Available Block Queue
.....................

:mps:tag:`impl.c.abq` The initial implementation will be a queue of fixed
size (determined at pool creation time from the high water mark). Must
support creation and destruction of an empty queue. Must support
insertion at the head or tail of the queue (failing if full), peeking
at the head of the queue, and removal of the head (failing if empty)
or any element of the queue (found by a search). Standard checking and
description should be provided. See design.mps.abq_.

.. _design.mps.abq: abq.txt


Pool implementation
...................

:mps:tag:`impl.c` The initial implementation will use the above modules to
implement a buffered pool. Must support creation and destruction of
the pool. Creation takes parameters: minimum size, mean size, maximum
size, reserve depth and fragmentation limit. Minimum, mean, and
maximum size are used to calculate the internal fill and reuse sizes.
Reserve depth and mean size are used to calculate the ABQ high water
mark. Fragmentation limit is used to set the contingency mode. Must
support buffer initialization, filling and emptying. Must support
freeing. Standard checking and description should be provided.
[Eventually, it should support scanning, so it can be used with
collected pools, but no manual pool currently does.]

:mps:tag:`impl.c.future` The implementation should not preclude "buffered
free" (mail.ptw.1997-12-05.19-07(0), ff.) being added in the future.

:mps:tag:`impl.c.parameters` The pool parameters are calculated as follows
from the input parameters: minimum, mean, and maximum size are taked
directly from the parameters.

:mps:tag:`impl.c.parameter.fill-size` The fill size is set to the maximum
size times the reciprocal of the fragmentation limit, rounded up to
the arena grain size.

:mps:tag:`imple.c.parameter.reuse-size` The reuse size is set to twice the
fill size (see :mps:ref:`.arch.abq.return.segment`,
:mps:ref:`.impl.c.free.merge.segment`).

:mps:tag:`impl.c.parameter.abq-limit` The ABQ high-water limit is set to the
reserve depth times the mean size (that is, the queue should hold as
many reuse blocks as would take to cover the population hysteresis if
the population consisted solely of mean-sized blocks, see
:mps:ref:`.arch.abq.high-water`).

:mps:tag:`impl.c.parameter.avail-limit` The free block high-water limit is
implemented by comparing the available free space to an "available
limit". The available limit is updated each time a segment is
allocated from or returned to the arena by setting it to the total
size of the pool times the fragmentation limit divide vy 100 (see
:mps:ref:`.arch.contingency.fallback`).

:mps:tag:`impl.c.ap.fill` An AP fill request will be handled as follows:

- If the request is larger than fill size, attempt to request a
  segment from the arena sufficient to satisfy the request.

- Use any previously returned splinter (from :mps:ref:`.impl.c.ap.empty`), if
  large enough.

- Attempt to retrieve a free block from the head of the ABQ (removing
  it from ABQ and the free block managers if found).

- If above fragmentation limit, attempt to find a block in the free
  block managers, using oldest-fit search.

- Attempt to request a segment of fill size from the arena.

- Attempt to find a block in the free block managers, using oldest-fit
  search.

- Otherwise, fail.

:mps:tag:`impl.c.ap.empty` An AP empty request will be handled as follows:

- If remaining free is less than min size, return it to the free block
  managers.

- If the remaining free is larger than any previous splinter, return
  that splinter to the free block managers and save this one for use
  by a subsequent fill.

- Otherwise return the remaining block to the free block managers.

:mps:tag:`impl.c.free` When blocks are returned to the free block managers
they may be merged with adjacent blocks.

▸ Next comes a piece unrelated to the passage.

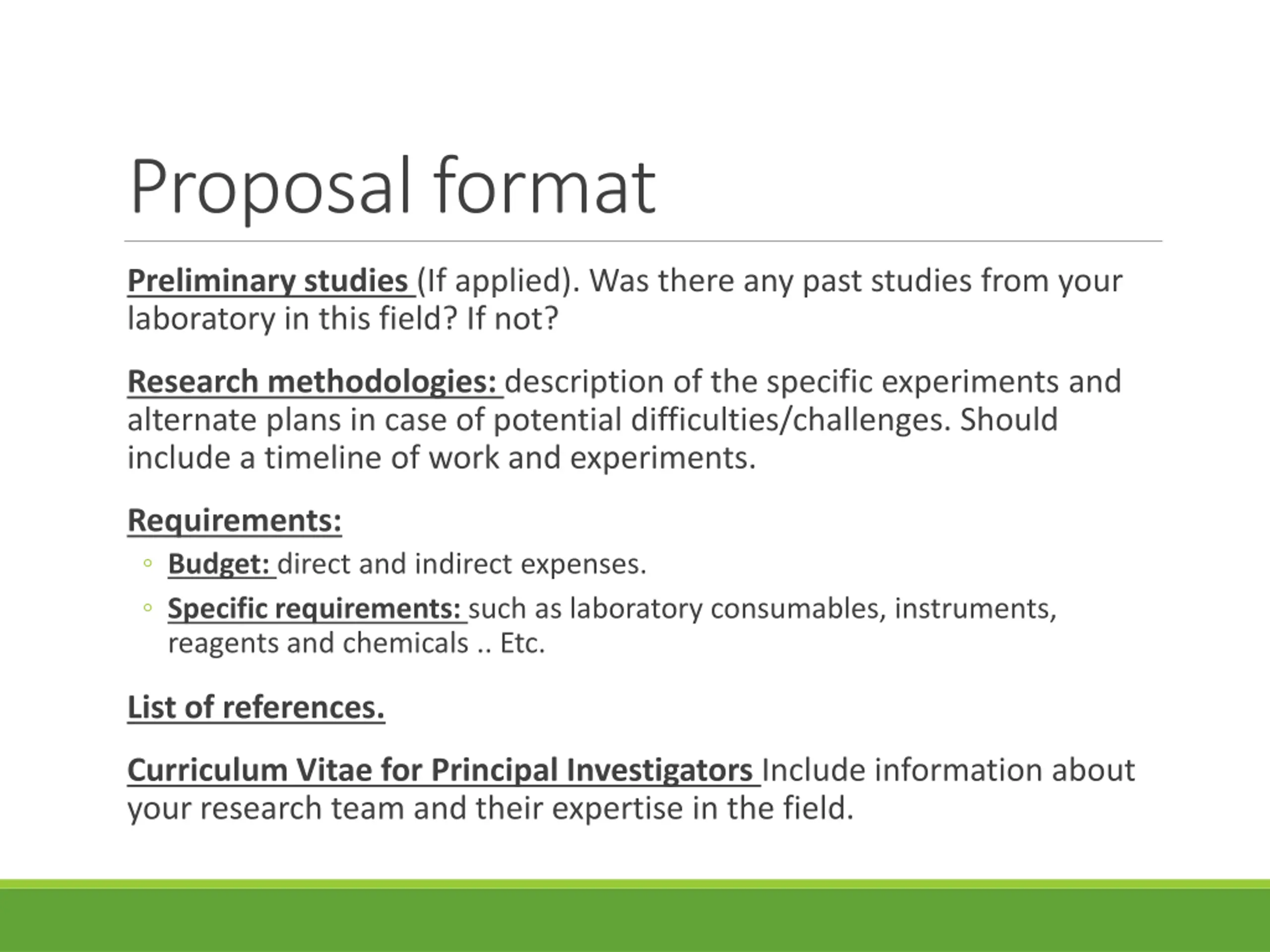 Proposal format Preliminary studies (If applied). Was there any past studies from your laboratory in this field? If not? Research methodologies: description of the specific experiments and alternate plans in case of potential difficulties/challenges. Should include a timeline of work and experiments. Requirements: Budget: direct and indirect expenses. Specific requirements: such as laboratory consumables, instruments, reagents and chemicals .. Etc. List of references. Curriculum Vitae for Principal Investigators Include information about your research team and their expertise in the field.

If a merge occurs with a
block on the ABQ, the ABQ must be adjusted to reflect the merge.

:mps:tag:`impl.c.free.exception` Exceptional blocks are returned directly to
the arena.

:mps:tag:`impl.c.free.merge` If a merge occurs and the merged block is
larger than reuse size:

- If the ABQ is full, remove the block at the head of the ABQ from the
  ABQ and the free block managers and return it to the arena(*).

- Insert the newly merged block at the tail of the ABQ, leaving it in
  the free block managers for further merging.

:mps:tag:`impl.c.free.merge.segment` (*) Merged blocks may not align with
arena segments. If necessary, return the interior segments of a block
to the arena and return the splinters to the free block managers.

:mps:tag:`impl.c.free.merge.segment.reuse` If the reuse size (the size at
which blocks recycle from the free block managers to the ABQ) is at
least twice the fill size (the size of segments the pool allocates
from the arena), we can guarantee that there will always be a
returnable segment in every ABQ block.

:mps:tag:`impl.c.free.merge.segment.overflow` If the reuse size is set
smaller (see :mps:ref:`.arch.adapt`), there may not be a returnable segment in
an ABQ block, in which case the ABQ has "overflowed". Whenever this
occurs, the ABQ will be refilled by searching the free block managers
for dropped reusable blocks when needed.

:mps:tag:`impl.c.free.merge.segment.risk` The current segment structure does
not really support what we would like to do. Loci should do better:
support reserving contiguous address space and mapping/unmapping any
portion of that address space.

:mps:tag:`impl.c.free.merge.alternative` Alternatively, if the MPS segment
substrate permitted mapping/unmapping of pages, the pool could use
very large segments and map/unmap pages as needed.


AP Dispatch
...........

:mps:tag:`impl.c.multiap` The initial implementation will be a glue layer
that selects among several AP's for allocation according to the
predicted deathtime (as approximated by size) of the requested
allocation. Each AP will be filled from a pool instance tuned to the
range of object sizes expected to be allocated from that AP. [For
bonus points provide an interface that creates a batch of pools and
AP's according to some set of expected object sizes. Eventually expand
to understand object lifetimes and general lifetime prediction keys.]

:mps:tag:`impl.c.multiap.sample-code` This glue code is not properly part of
the pool or MPS interface. It is a layer on top of the MPS interface,
intended as sample code for unsophisticated clients. Sophisticated
clients will likely want to choose among multiple AP's more directly.


Testing
-------

:mps:tag:`test.component` Components :mps:ref:`.impl.c.splay`, :mps:ref:`.impl.c.cbs`, and
:mps:ref:`.impl.c.abq` will be subjected to individual component tests to
verify their functionality.

:mps:tag:`test.regression` All tests applied to poolmv
(design.mps.poolmv(0)) and poolepdl (design.mps.poolepdl(0)) will be
applied to poolmvt to ensure that mvt is at least as functional as the
pools it is replacing.

:mps:tag:`test.qa` Once poolmvt is integrated into the MPS, the standard MPS
QA tests will be applied to poolmvt prior to each release.

:mps:tag:`test.customer` Customer acceptance tests will be performed on a
per-customer basis before release to that customer (cf.
proc.release.epcore(2).test)


Text
----

Possible tweaks (from mail.pekka.1998-04-15.13-10(0)):

- Try to coalesce splinters returned from AP's with the front (or any)
  block on the ABQ.

- Sort ABQ in some other way to minimize splitting/splinters. For
  example, proximity to recently allocated blocks.